How to Calculate Auto Insurance Deductibles
Posted on: 11Feb,2016
The amount of money that you need to pay out of pocket for auto repairs before your insurance covers them is referred to as a “deductible.” For example, if you have a $500 deductible and you are involved in an accident that causes $3,000 in damages to your vehicle, you have to pay the $500 before your insurance will pay for the $2,500 that remains. One of the primary ways that individuals can save money on their premium rates is by raising the amount of their deductible.
It is important to understand what your different insurance coverages do and this is especially true where deductible is concerned. However, it is important that you examine your budget in order to determine how much of a deductible you can afford. One of the worst things that could happen is getting in an accident and then not being able to pay the required deductible amount. So you will want to take the following into consideration:
• your available credit
• your household budget
• your income
• your personal savings
In order to get the best coverage value for the money, you have to take your deductible into account.
How does Your Deductible Work?
When it comes to the overall price you will pay for your premium, one of the key factors used to determine how much your rates will be is the amount of deductible that you choose. Basically, your deductible is what you must pay out-of-pocket before your insurance kicks in (see opening paragraph). Deductibles function in much the same way that co-pays work on healthcare and medical coverage. Plus, they also serve as a deterrent by discouraging people from making doctor’s appointments for trivial reasons.

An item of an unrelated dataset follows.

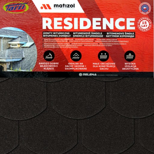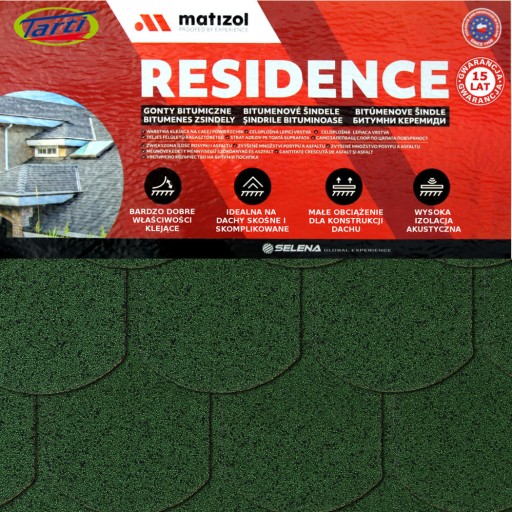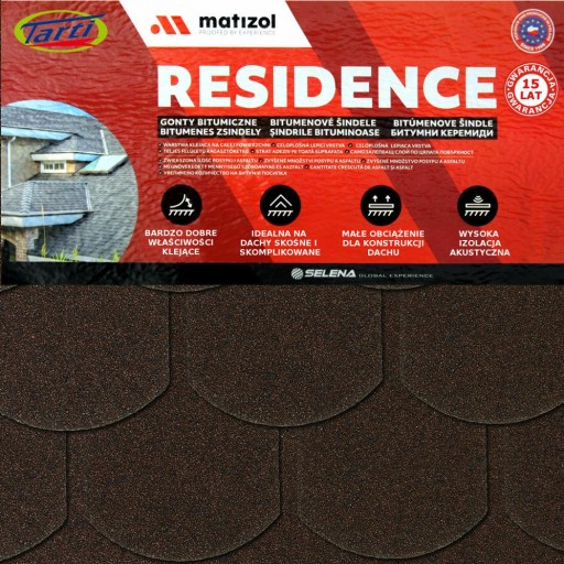 MATIZIOL RESIDENCE to trwałe i wysoce szczelne pokrycie dachowe dedykowane na dachy domów jedno i wielorodzinnych. Dzięki zastosowaniu wysokiej jakości bitumu oraz jego zwiększonej ilości w połączeniu z osnową z welonu szklanego gwarantują 15 lat trwałości. Warstwa klejąca na całej spodniej stronie brytów gontu ułatwia i przyspiesza ich instalację.

Factors involved in determining the Deductible
For all intents and purposes, the primary factor that helps individuals determine the amount of their deductible is personal preference. Since deductibles are such a key factor in the decision-making process, so the insurance company typically leaves this up to the client. For the most part, deductible amounts are fairly standard throughout the auto insurance industry i.e., $100, $250, $500, and $1,000. So the premium rate is adjusted either up or down depending on the deductible amount that is selected.
This also works in favor of the insurance company because the higher the amount of the deductible, the lower the amount of the claims that they have to pay for. There are 4 factors that consumers commonly refer to when they are determining the amount of deductible to choose including:
• California state laws – California has minimum liability coverage requirements that every driver must meet in order to be legal. You can find out these minimums by searching online or talking to an insurance agent.
• Choose a deductible amount that you can handle financially – even if you have the financial means to afford a higher deductible amount, you may still want to opt for a lower one. Some consumers actually opt for a higher deductible because the threat of a bigger out-of-pocket expense could deter them from making unwarranted claims.
• Doing the math – the psychological uncertainty involved with raising the amount of deductible depends on how much risk you are willing to tolerate. Although it varies by insurance company, doing the math is far simpler.
• Financing company’s or lessor’s requirements – financing companies, lenders, and leaseholders have certain requirements for establishing the amount of your deductible. So you want to make sure that you review your lease agreement or financing contract so that you follow their guidelines to the letter.
• The bottom line – in the end and given all of the factors above, it’s all a matter of personal preference. If you can handle the added expense and want a lower premium rate, choose a higher deductible. Conversely, if you can handle paying a higher premium rate than opt for a lower deductible amount.
The savings that you experience from taking a higher deductible amount enables you to build up enough funds to cover any emergencies or if you get into an accident and have major damage to your vehicle. In the end, it is a matter of how much an individual is willing to sacrifice where their finances are concerned.